## Instructions for the task
Word for word, give the data again without its pictures.

## Data section

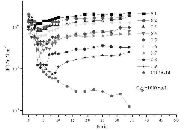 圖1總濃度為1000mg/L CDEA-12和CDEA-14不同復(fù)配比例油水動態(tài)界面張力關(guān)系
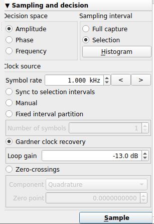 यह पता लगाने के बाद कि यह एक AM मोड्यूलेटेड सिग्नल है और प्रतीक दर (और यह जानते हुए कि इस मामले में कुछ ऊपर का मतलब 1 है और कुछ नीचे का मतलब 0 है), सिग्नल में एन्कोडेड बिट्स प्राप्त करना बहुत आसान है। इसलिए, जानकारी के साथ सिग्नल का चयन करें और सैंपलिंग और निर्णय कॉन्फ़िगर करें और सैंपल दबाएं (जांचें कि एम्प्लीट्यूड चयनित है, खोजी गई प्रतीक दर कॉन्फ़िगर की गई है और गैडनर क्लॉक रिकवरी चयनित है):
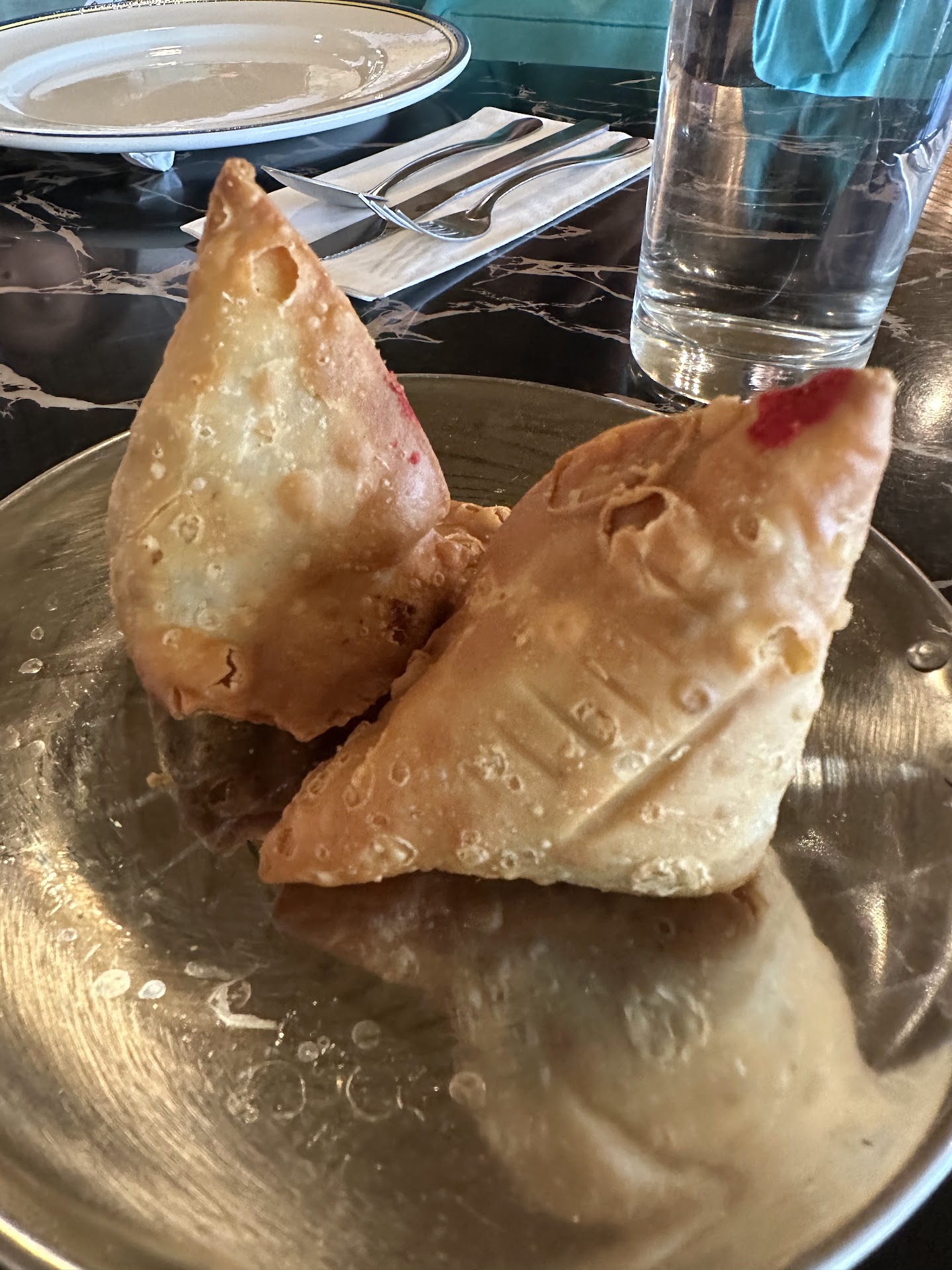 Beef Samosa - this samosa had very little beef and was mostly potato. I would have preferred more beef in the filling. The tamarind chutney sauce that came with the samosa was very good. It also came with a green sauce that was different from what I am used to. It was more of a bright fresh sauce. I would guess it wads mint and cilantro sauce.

## Answer for the task
 圖1總濃度為1000mg/L CDEA-12和CDEA-14不同復(fù)配比例油水動態(tài)界面張力關(guān)系
 यह पता लगाने के बाद कि यह एक AM मोड्यूलेटेड सिग्नल है और प्रतीक दर (और यह जानते हुए कि इस मामले में कुछ ऊपर का मतलब 1 है और कुछ नीचे का मतलब 0 है), सिग्नल में एन्कोडेड बिट्स प्राप्त करना बहुत आसान है। इसलिए, जानकारी के साथ सिग्नल का चयन करें और सैंपलिंग और निर्णय कॉन्फ़िगर करें और सैंपल दबाएं (जांचें कि एम्प्लीट्यूड चयनित है, खोजी गई प्रतीक दर कॉन्फ़िगर की गई है और गैडनर क्लॉक रिकवरी चयनित है):
 Beef Samosa - this samosa had very little beef and was mostly potato. I would have preferred more beef in the filling. The tamarind chutney sauce that came with the samosa was very good. It also came with a green sauce that was different from what I am used to. It was more of a bright fresh sauce. I would guess it wads mint and cilantro sauce.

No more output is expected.